**The task:**
In this exercise, print only the lines of the records below from the one with "από την άλλη..." through the one with "首先紫宠里平民都会有的恶梦之魅,建议先升到7星,它既提供了输出又提供了续航", inclusive. Pictures are not part of the copy.

**Extracted material:**

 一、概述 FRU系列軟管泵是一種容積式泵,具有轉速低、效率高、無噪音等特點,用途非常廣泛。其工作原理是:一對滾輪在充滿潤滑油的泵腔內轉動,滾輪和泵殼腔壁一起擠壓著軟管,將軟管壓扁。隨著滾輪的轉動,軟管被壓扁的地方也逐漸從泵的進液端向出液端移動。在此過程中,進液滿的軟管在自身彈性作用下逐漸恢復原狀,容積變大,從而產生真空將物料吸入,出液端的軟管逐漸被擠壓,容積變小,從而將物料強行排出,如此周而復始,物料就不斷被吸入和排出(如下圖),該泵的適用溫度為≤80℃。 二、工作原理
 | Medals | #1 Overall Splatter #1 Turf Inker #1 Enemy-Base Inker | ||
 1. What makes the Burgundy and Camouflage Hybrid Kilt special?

...

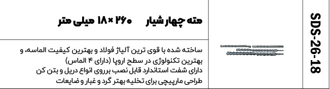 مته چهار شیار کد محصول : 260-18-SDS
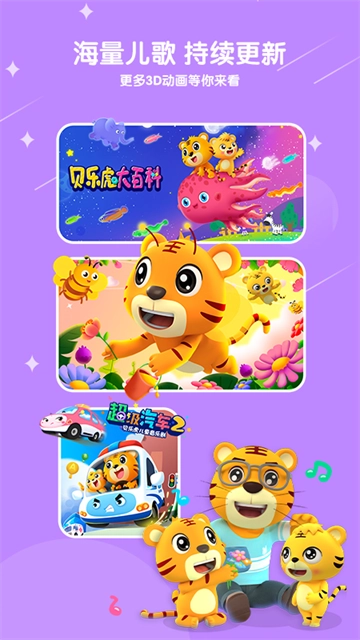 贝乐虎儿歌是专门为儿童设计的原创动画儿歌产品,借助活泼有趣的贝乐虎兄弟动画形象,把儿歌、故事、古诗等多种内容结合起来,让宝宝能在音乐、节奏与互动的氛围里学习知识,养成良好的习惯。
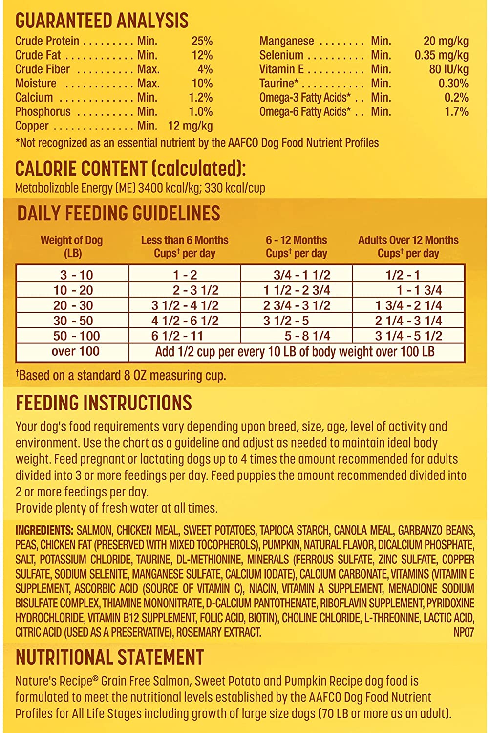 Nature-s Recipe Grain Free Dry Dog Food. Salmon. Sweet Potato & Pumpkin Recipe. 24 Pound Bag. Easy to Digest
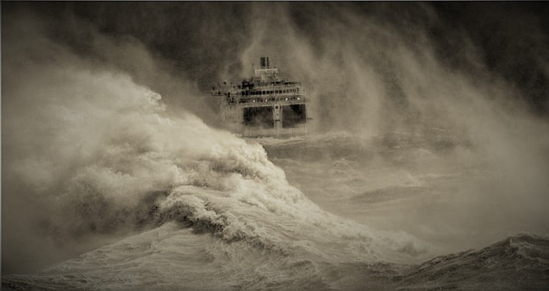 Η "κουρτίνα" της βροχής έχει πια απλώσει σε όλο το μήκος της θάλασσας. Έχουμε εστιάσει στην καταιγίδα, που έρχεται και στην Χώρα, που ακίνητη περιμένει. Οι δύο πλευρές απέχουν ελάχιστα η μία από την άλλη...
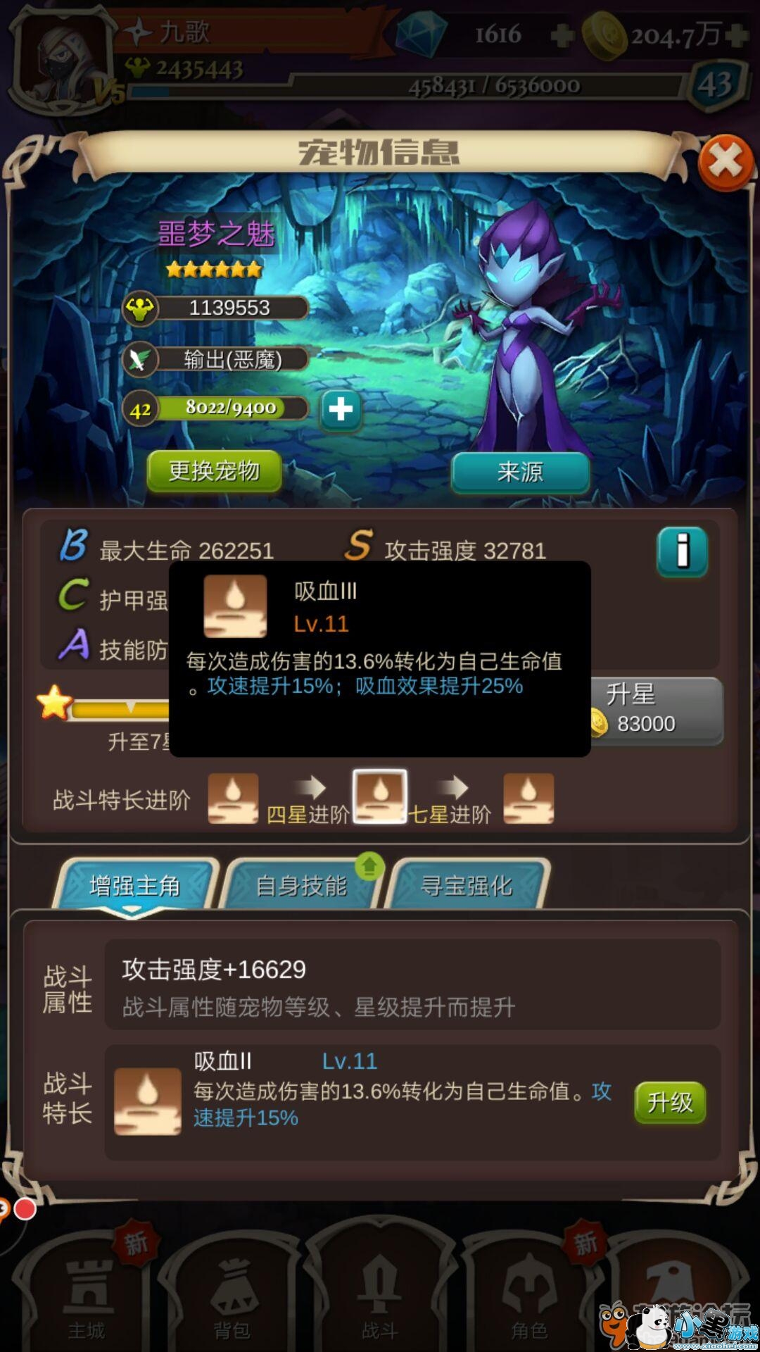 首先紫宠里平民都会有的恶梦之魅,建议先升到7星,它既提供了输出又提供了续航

--

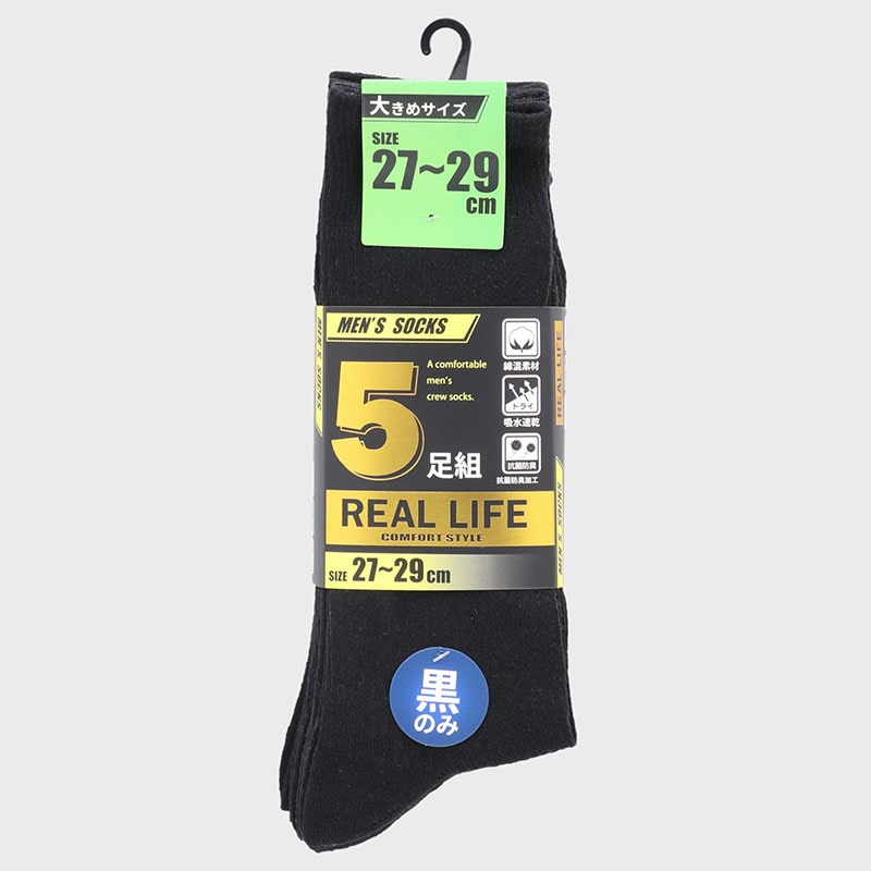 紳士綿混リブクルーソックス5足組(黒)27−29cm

**Worked solution:**
 Η "κουρτίνα" της βροχής έχει πια απλώσει σε όλο το μήκος της θάλασσας. Έχουμε εστιάσει στην καταιγίδα, που έρχεται και στην Χώρα, που ακίνητη περιμένει. Οι δύο πλευρές απέχουν ελάχιστα η μία από την άλλη...
 首先紫宠里平民都会有的恶梦之魅,建议先升到7星,它既提供了输出又提供了续航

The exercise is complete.